You see back in the initial pre-production review round the OCZ Vertex 3 came out shooting, blasting away all the competition in a seemingly unfair comparison to its predecessors. I was instantly sold especially considering the price was looking to be quite reasonable, around the $300 mark for a 120GB drive. Sure I could opt for the bigger drive and dump my most frequently played games on it but in reality a RAID10 array of SATA 6Gbps drives should be close enough without having to overspend on the SSD. Like any pre-production reviews I made sure to keep my ear to the ground just in case something changed once they started churning them out.

Of course, something did.

The first production review that grabbed my attention was from AnandTech, renowned for their deep understanding of SSDs and producing honest and accurate reviews. The results for my drive size of choice, the 120GB, were decidedly mixed on a few levels with it falling down in several places where the 240GB version didn’t suffer any such problems. Another review confirmed the figures were in the right ballpark although unfortunately lacking a comparison to the 240GB version. The reasons behind the performance discrepancies are simple, whilst functionally the same drives the differences come from the number of NAND chips used to create the drive. The 240GB version has double the amount of the 120GB version which allows for higher throughput and additionally grants the drive a larger scratch space that it can use to optimize its performance¹.

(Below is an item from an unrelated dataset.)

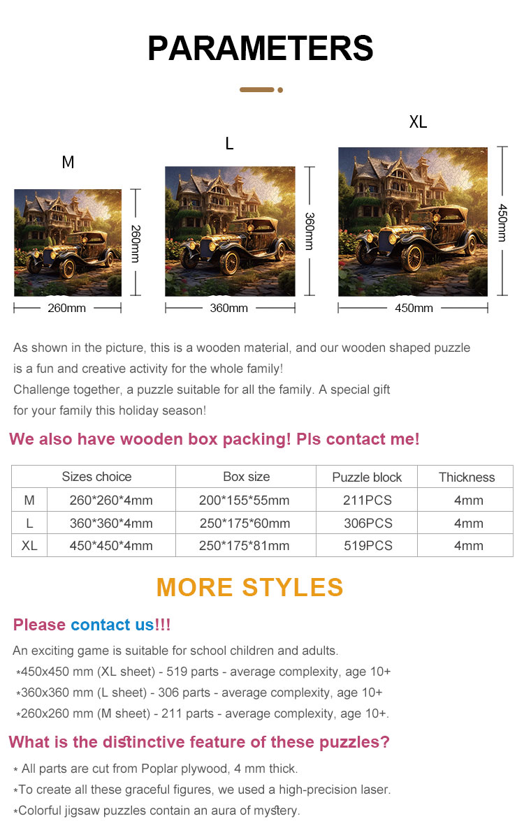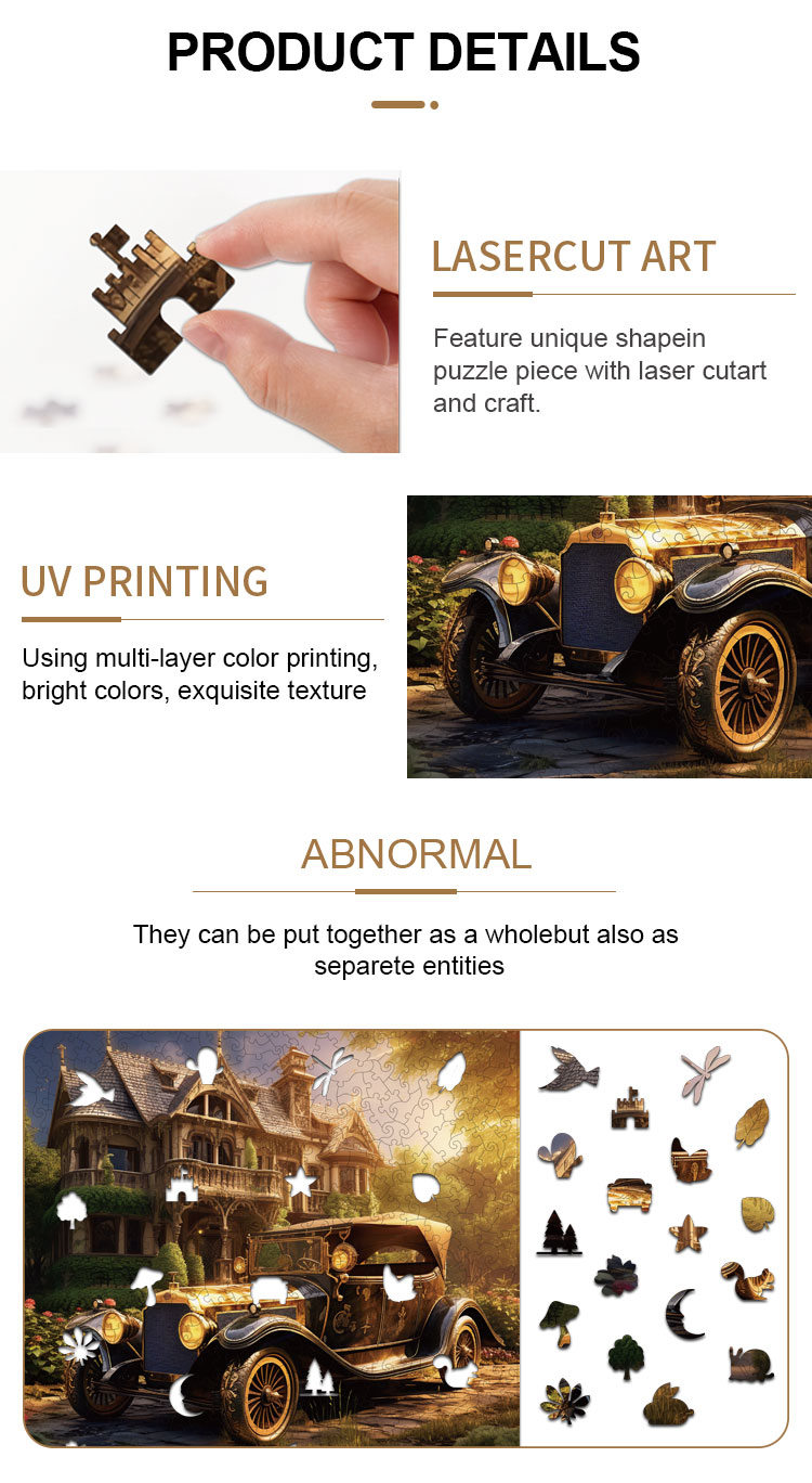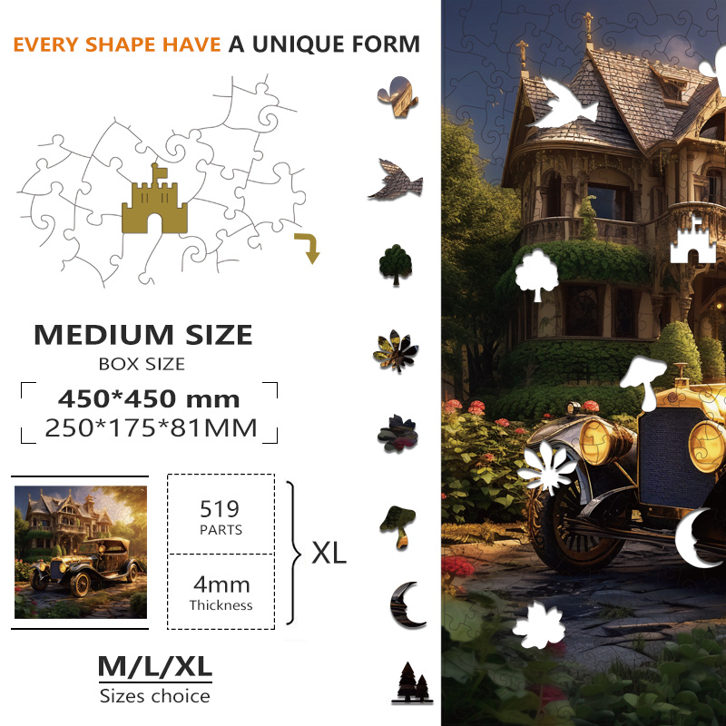 Each silhouette in the illustration is cut along its natural contour, creating uniquely shaped puzzle pieces. The multi-layer UV printing enhances color richness, making the castle and vintage car vivid and full of life. Ideal for adults, families, and collectors, this puzzle offers both a relaxing challenge and an exquisite decorative piece once completed.

So of course I started to rethink my position. The main reason for getting a real SSD over something like the PCIe bound RevoDrive was that I could use it down the line as a jumbo flash drive if I wanted to and I wouldn’t have to sacrifice one of my PCIe lanes to use it. The obvious competitor to the OCZ Vertex 3 would be something like the Intel 510 SSD but the reviews haven’t been very kind to this device, putting it barely in competition with previous generation devices.

After considering all my options I think I’ll still end up going with the OCZ Vertex 3 at the 120GB size. Whilst it might not be the kind of performance in every category it does provide tremendous value when compared to a lot of other SSDs and it will be in another league when compared to my current spinning rust hard drive. Once I get around to putting this new rig together you can rest assured I’ll put the whole thing through its paces, if at the very least to see how the OCZ Vertex 3 stacks up against the numbers that have already been presented.

¹Ever wondered why some SSDs are odd sizes? They are in fact good old fashioned binary sizes (128GB and 256GB respectively) however the drive reserves a portion of that (8GB and 16GB) to use as scratch space to write and optimize data before committing it. Some drives also use it as a buffer for when flash cells become unwritable (flash cells don’t usually die, you just can’t write to them anymore) so that the drive’s capacity doesn’t degrade.